By determining the loading state of the NOX storage catalytic converter directly based on the oxygen concentration difference between an oxygen concentration which is present in the exhaust gas upstream of the NOX storage catalytic converter and an oxygen concentration which is present in the exhaust gas downstream of the NOX storage catalytic converter, the expenditure for actuating, heating, and for processing and evaluating the signals for two separate sensors which measure absolute oxygen concentration at different locations may be condensed to a single module. In this way, a significant reduction in the technical expenditure and associated costs may be obtained.
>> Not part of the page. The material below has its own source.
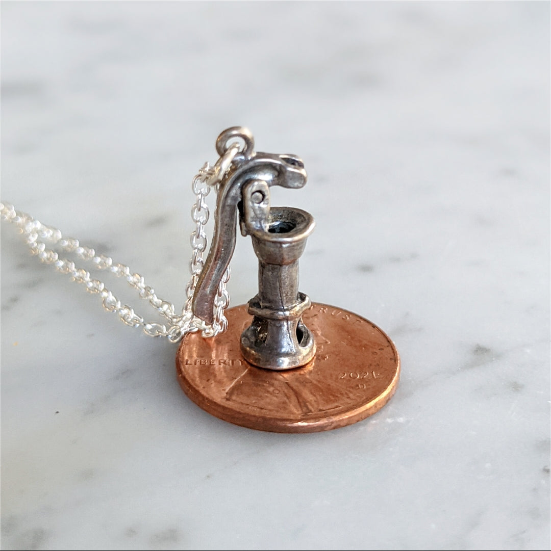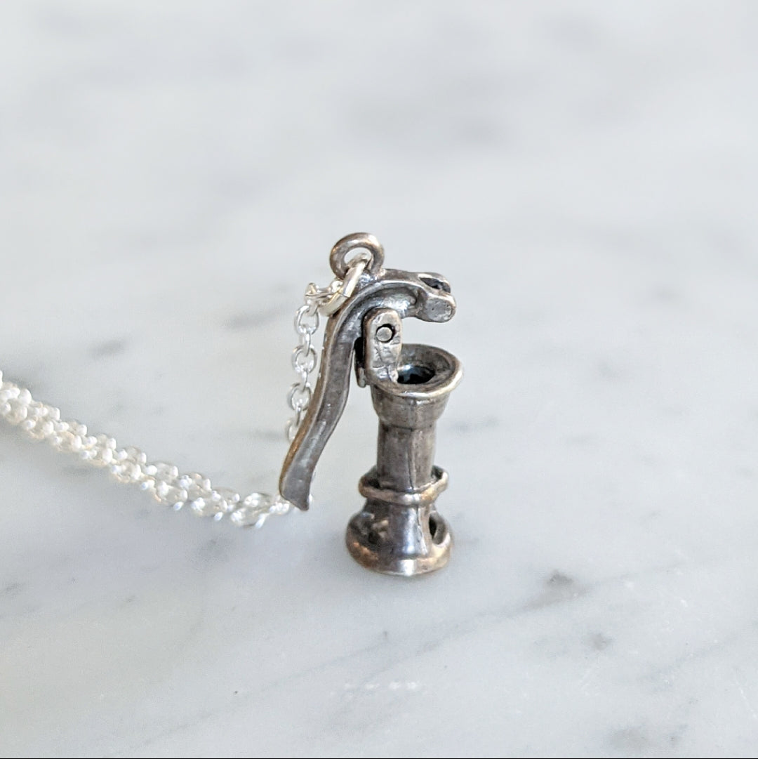 Antique sterling silver water pump charm that opens and closes hanging from a sterling silver chain.

In addition, the estimation of the loading state of the NOX storage catalytic converter directly on the basis of the oxygen concentration difference has measurement-related advantages as a result of the significant reduction in the absolute measuring error which can be obtained in the case of a difference measurement in comparison to an absolute value determinations. In this way, the accuracy of the determination of the loading state of the NOX storage catalytic converter may be improved.
Further, the present application also contemplates a system for an engine, comprising: a unitary sensor communicating with exhaust gas at at least a first and second position in an exhaust of the engine, the sensor responsive to gas concentrations of the first and second positions; and a controller for adjusting engine operation responsive to the unitary sensor. The controller may adjust fuel injection, air-fuel ratio, estimation of catalyst NOx and/or oxygen loading, diagnostics, etc. The gas concentrations may include NOx, oxygen, etc. Also, the first and second positions may be upstream and downstream of an emission control device, respectively. Alternatively, the first and second positions may be in two separate exhaust conduits coupled to separate engine banks. Still other positions may also be used.